As Karma would have it, the light about 50 yards up was red too. And if you think I didn't get a chuckle as I mumbled to myself, "race ya to the red light," well, then you'd be wrong. When that light turned green he squealed off again, presumably to terrorize some other car.

I couldn't help but wonder, what is so important? Maybe he had a partner in labor somewhere? Maybe he really had to go to the bathroom? My intuition says nah, he was just in a hurry. Why? Because I've been that guy. I don't flip people off or ride up on their bumper (because I'm scared of rear ending someone mostly) but I do often get all worked up and yell and flail like a fool over things of little importance- including someone not turning fast enough. You know, because the 45 seconds I have to wait really do make a difference.

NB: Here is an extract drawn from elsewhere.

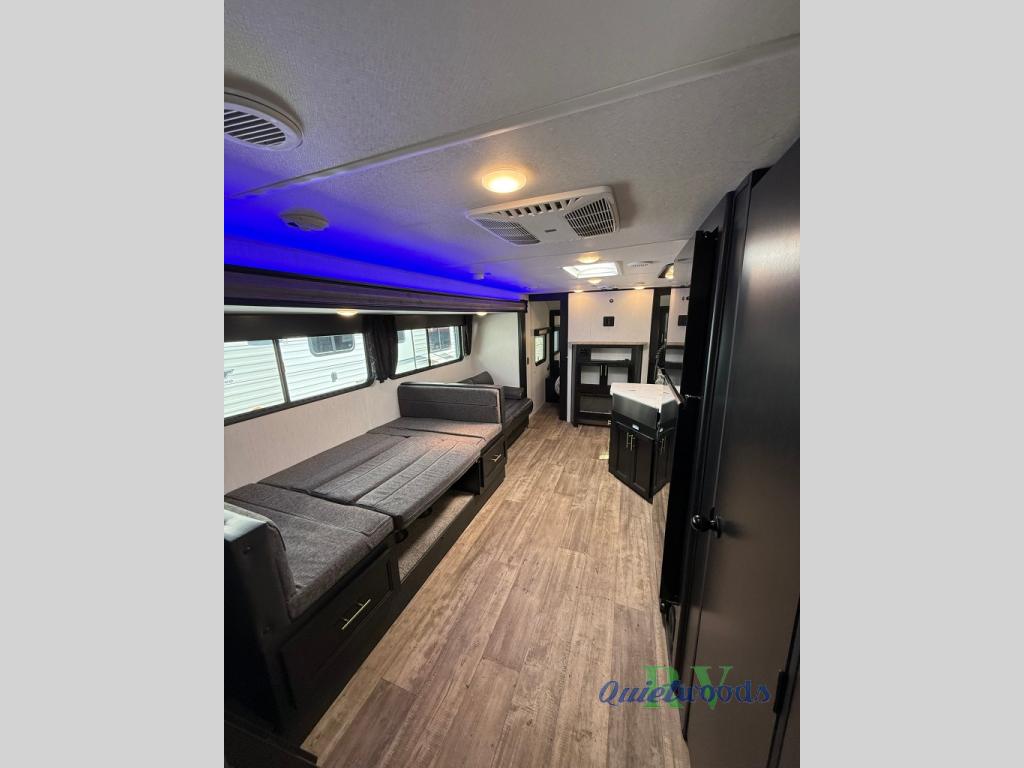 Come on inside this Cherokee Grey Wolf travel trailer and experience the convenience of a smooth flow of traffic in and out with two entry doors. The rear door leads into a full bath which is great for accessibility when outside and when you need to use the bathroom. Once inside, you will notice the large U-shaped dinette and the sofa which sit on the slide and create a spacious footprint for moving about, as well as great places to play games and socialize with your friends and family. A walk-in pantry provides plenty of storage allowing you to stock up on your favorite snacks and dry goods for your family adventure. At night, there is sleeping space for everyone between the double-size bunks and the queen-size bed, plus the furniture.
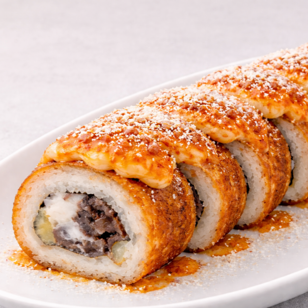 Por dentro: Carne de res, pollo, alga nori, queso crema, aguacate, pepino, queso americano, queso chihuahua, aderezo spicy, cangrejo preparado.

The whole exchange, which may have lasted all of 2.5 minutes, made me think of a John Ortberg quote: "Be the kind of player people want to sit next to." (From, "When the game is over it all goes back in the box") Sometimes, though I'm not proud of it, I'm really not the kind of player I'd want to sit next to. I'm sure that boy behind me has good qualities- though flipping off a car, in the direction of a toddler, over a slow right turn probably isn't one of them.

Moral of the story? Still figuring it out. Slow down? Be nicer? Take the plank out of your own eye? You decide. Oh, and read some John Ortberg while your at it.